The figure shows this effect in the spectrum of sound from two overlapping speakers for a single 40-millisecond time frame (one time slice from a spectrogram). Talker A, a female, is louder over most of the higher frequencies whereas talker B, a male, is louder over most of the lower frequencies. In most frequency regions, the spectrum of the dominant speaker is very close to the spectrum of the mixture.
We can exploit this feature by using a so-called masking function. This function indicates which speaker dominates at each frequency band in a frame. The masking function for the whole spectrogram divides the data into regions in which talker A dominates and regions in which talker B dominates. If we know the masking function, we can evaluate both talkers’ speech independently: each talker’s speech must match the total sound where that talker dominates and it must be quieter than the total sound elsewhere. Finding the best estimate of A’s speech no longer depends on our estimate of B’s speech except for the information carried by the masking function.
Recently we discovered how to separate speech efficiently using these masking functions. We do so by alternating between two steps. In one step we use our current beliefs about the talkers’ speech to estimate beliefs (probabilities) about the masking functions. In the other, we use the masking functions to update our beliefs about the speech of all the speakers.
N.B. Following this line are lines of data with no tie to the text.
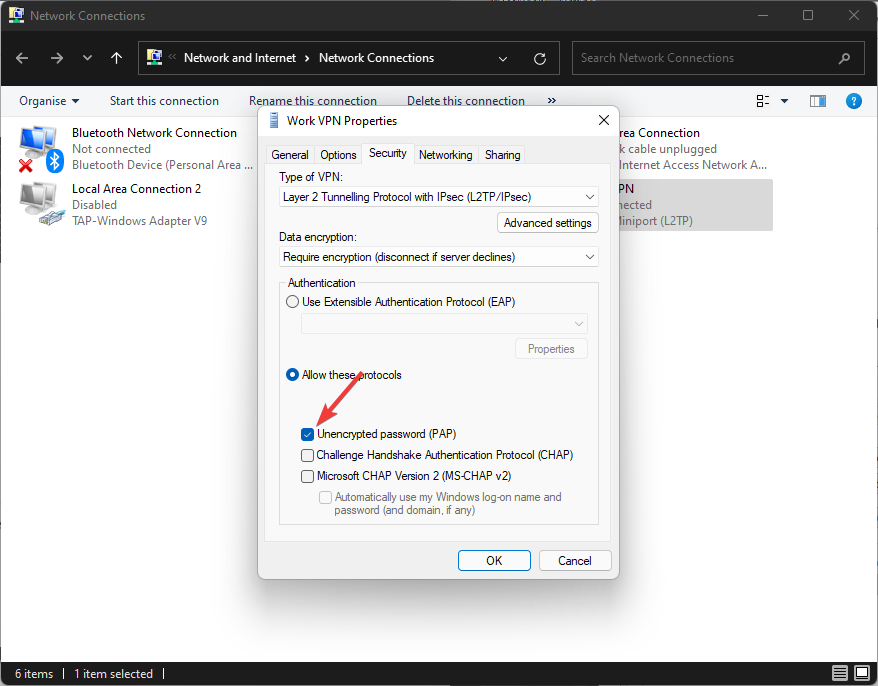 - Only check the Unencrypted password (PAP) option, and deselect any others.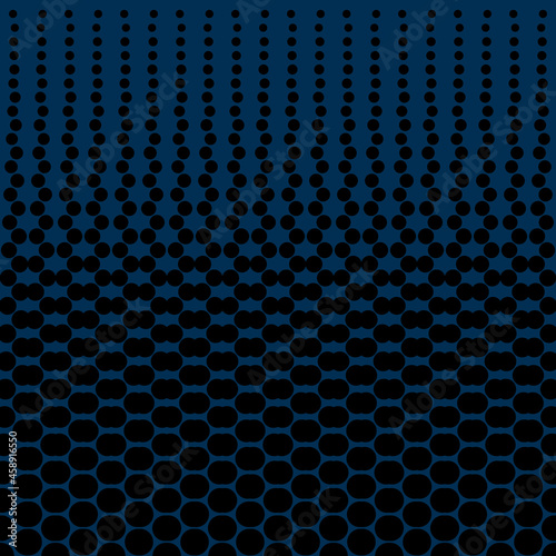 Abstract seamless geometric circle pattern. Mosaic background of black circles. Evenly spaced shapes of different sizes. Vector illustration on dark blue background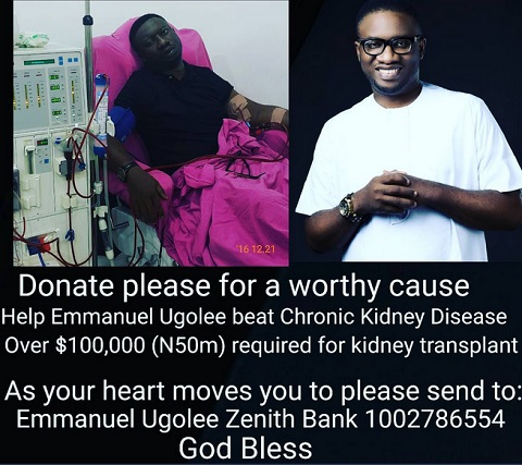 Popular TV Lagos presenter, Emma Ugolee, who is widely known for his engaging programme, 'The Gist', and who has been suffering from Kidney failure and has been on dialysis for many years now, has publicly cried out for help.

The ability to carry along many possible masking functions through the iterations greatly reduces the chances of getting stuck in the wrong valley of the landscape.
14. Multiple talkers
The new algorithm based on speaker masking makes it possible to separate more complicated speech mixtures that were previously beyond the reach of computerized analysis. For example, the algorithm has successfully extracted the speech of one talker from the babble of three other talkers:
- Click arrow for audio
- MP3 file
The mixed speech consists of people saying these sentences:
Lay white at K 5 again.
Bin blue by M zero now.
Set green in M 7 please.
Lay green with S 7 please
Our algorithm’s reconstruction of the third of these speakers sounds is very clear:
- Click arrow for audio
- MP3 file
The task of discerning that talker is made all the harder because some of the other people are speaking at a louder volume. Despite that challenge, our algorithm reconstructs the target speech accurately enough to recognize the words correctly.
These spectrograms illustrate the mixed speech, the actual target speech and our reconstruction of it:
The color scale goes from low power (blue) to high power (red).
The masking function that makes this speech separation possible can also be depicted as a kind of spectrogram. In these images, a white area indicates that the target speaker dominates the audio signal in that frequency band at that time and black areas indicate where sound from the other speakers dominates.
By the end of the iteration process, our algorithm’s estimate of the masking function based on its analysis of the mixed audio is quite close to the actual masking function computed using the true audio signals that made up the mixture.
This approach to speech separation has applications far more important than audio surveillance or improvement of speech recognition in general. The basic problem of separating signals is fundamental, appearing in a broad spectrum of applications ranging from brain imaging analysis to development of intelligent robots. It will be some time before a mechanical bartender takes your cocktail order over the chatter of a festive party, but the era of robust robotic audio interaction has now begun.